Мне говорили, что Станиславский заставляет своих учеников: “Умейте в каждой вещи найти не худшее, но лучшее”. Чуткий художник знал, что огромное большинство людей с наслаждением служит культу худшего, не зная, как подойти ко всему, что приносит радость.
С великим рвением люди умаляют то, что им не по нраву. Какое долгое время они готовы проводить около того, что им показалось отвратительным. Встреча с чем-то нелюбимым порождает яркие слова, блестящие сравнения. И быстры тогда человеческие речи, и сильны движения. И горят глаза.
Но зато как медленно-скучны бывают слова похвалы
Удалось испытать одного любителя живописи. За ним ходил с часами и незаметно замечал время, проводимое им около картин. Оказалось, около картин осуждаемых было проведено времени с лишком вдвое больше, нежели около вещей одобренных. Не было потребности смотреть на то, что, казалось, доставило бы ему радость; нужно было потратить время на осуждение. Наконец я сказал ему: “Теперь знаю, чем вас привлечь. Надо окружить вас вещами ненавистными”.
Мы, славяне, особенно повинны во многоглаголании худшего. В Европе уже приходят к замалчиванию худого, конечно, кроме личных выступлений.
Но великие мастера всегда считают: если что показалось плохим, значит, оно не достойно обсуждения. Жизнь слишком красива, слишком велика, чтобы загрязнять себя зрелищем недостойным. Слишком много радостного, много заслуживающего внимания. Но надо знать бодрость и радость.
Надо знать, что нашему “я” ничто не может вредить. Останавливаясь перед плохим, мы у себя отнимаем минуту радости. Удерживаем себя вместо шага вперед.
Учиться радости, учиться видеть лишь бодрое и красивое! Если мы загрязнили глаза и слова наши, то надо учиться их очистить. Строго удержать себя от общения с тем, что не полюбилось. И у нас жизнь разрастется. И нам недосуг станет всматриваться в ненавистное. Отойдет ликование злобы. И у нас откроется глаз добрый.

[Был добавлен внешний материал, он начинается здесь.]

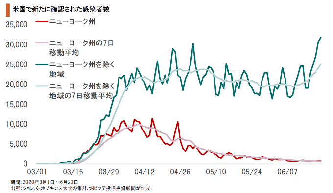 新興国・途上国と並び懸念されるのは米国の状況だ。一時は医療崩壊に陥ったニューヨークの感染は収束したものの、米国全体で見ると、新たに確認された感染者数は引き続き高水準となっている。都市封鎖が段階的に解除され、経済活動が再開しており、感染が再び拡大期に入る可能性は否定できない状況だ。

Эти возвышенные мысли пришли мне на ум после встречи со Станиславским. Он был не только магнетической личностью, но и неутомимым сеятелем всего ободряющего и созидательного. Можно сказать, что он действительно имел глаз добрый.
С грустью в Гималаях мы приняли известие, что Станиславский ушел с земного плана. Но где бы он сейчас ни находился, он будет счастливее, потому что неослабляемый восторг поведет его к новым сияющим вершинам.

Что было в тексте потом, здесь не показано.